I'm working in Impala and, while I'm fairly inexperienced in both Impala and SQL, I need to be able to build a data set that looks like the following:
|dayname | 2017-11-08 00:00:00 | 2017-11-08 01:00:00 | ... |
|---------|---------------------+---------------------+-----|
|Wednesday| 20 | 11 | ... |
|---------|---------------------|---------------------|-----|
|Thursday | 287 | 17 | ... |
|---------|---------------------|---------------------|-----|
|... | ... | ... | ... |
|---------|---------------------|---------------------|-----|
I am unable, due to the constraints of Impala, to use pivot, which would under normal circumstances produce the desired result.

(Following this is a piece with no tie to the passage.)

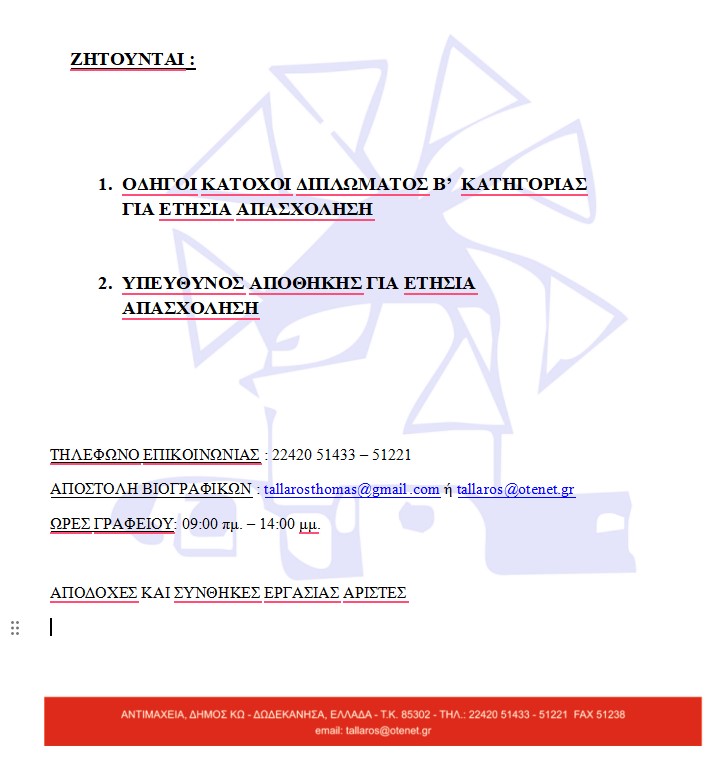 Μικρές Αγγελίες Εμπορικές Επιχειρήσεις «Τάλλαρος»: Ζητούνται Οδηγοί και Υπεύθυνος Αποθήκης για ετήσια απασχόληση Από aegeanews - 16 Νοέ 2025 0 20 Κοινοποίηση στο Facebook Μοιραστείτε στο X

Thus far, I have a SQL SELECT statement which looks like this:
select
dayname(date) as dayname,
utc_hour,
sum(case when (`type` IN ('Awesome')) then 1 else 0 end) as some
FROM (select *, trunc(cast(floor(date / 1000) as timestamp), "HH") as utc_hour
FROM COOLNESSTYPES
WHERE date >= 1510082633596 and month >= '2017-11'
) a
GROUP BY utc_hour, dayname
ORDER BY utc_hour;
and returns the following data:
+-----------+---------------------+-------+
| dayname | utc_hour | some |
+-----------+---------------------+-------+
| Wednesday | 2017-11-08 00:00:00 | 20 |
| Wednesday | 2017-11-08 01:00:00 | 11 |
| Wednesday | 2017-11-08 09:00:00 | 1 |
| Wednesday | 2017-11-08 11:00:00 | 40 |
| Wednesday | 2017-11-08 12:00:00 | 0 |
| Wednesday | 2017-11-08 13:00:00 | 6 |
| Wednesday | 2017-11-08 14:00:00 | 0 |
| Wednesday | 2017-11-08 16:00:00 | 2 |
| Wednesday | 2017-11-08 17:00:00 | 10 |
| Wednesday | 2017-11-08 19:00:00 | 5 |
| Thursday | 2017-11-09 07:00:00 | 1 |
| Thursday | 2017-11-09 12:00:00 | 0 |
| Thursday | 2017-11-09 13:00:00 | 0 |
| Thursday | 2017-11-09 14:00:00 | 58 |
| Friday | 2017-11-10 09:00:00 | 0 |
| Friday | 2017-11-10 10:00:00 | 0 |
| Friday | 2017-11-10 16:00:00 | 0 |
+-----------+---------------------+-------+
So, how do I go about doing something like this? On Cloudera's community pages, someone recommends using unions, but I'm not really clear on how I'd label my columns as the row values from my utc_hour column. (see https://community.cloudera.com/t5/Interactive-Short-cycle-SQL/Transpose-columns-to-rows/td-p/49667 for more information on the union suggestion, if needed.)
Any help or ideas on this would be greatly appreciated. Thanks!
There is added complexity if you really require column names that change. If you can tolerate fixed column names the pivot is simple, along these lines:
select
dayname
, extract(dow from utc_hour) d_of_w
, max(case when date_part('day', utc_hour) = 0 then somecol end) hour_0
, max(case when date_part('day', utc_hour) = 7 then somecol end) hour_7
, max(case when date_part('day', utc_hour) = 9 then somecol end) hour_9
, max(case when date_part('day', utc_hour) = 12 then somecol end) hour_12
, max(case when date_part('day', utc_hour) = 14 then somecol end) hour_14
from COOLNESSTYPES
group by
d_of_w
, dayname
I used Postgres to develop my example for this example using extract(hour from utc_hour)
instead of the date_part()
now shown above (thanks to hbomb).
| dayname | d_of_w | hour_0 | hour_7 | hour_9 | hour_12 | hour_14 |
|-----------|--------|--------|--------|--------|---------|---------|
| Wednesday | 3 | 20 | (null) | 1 | 0 | 0 |
| Friday | 5 | (null) | (null) | 0 | (null) | (null) |
| Thursday | 4 | (null) | 1 | (null) | 0 | 58 |
see: http://sqlfiddle.com/#!17/81cfd/2 (Postgres)
To achieve column names that change you need "dynamic sql" and to be frank it isn't clear to be if this is possible in Impala (as I don't use that product).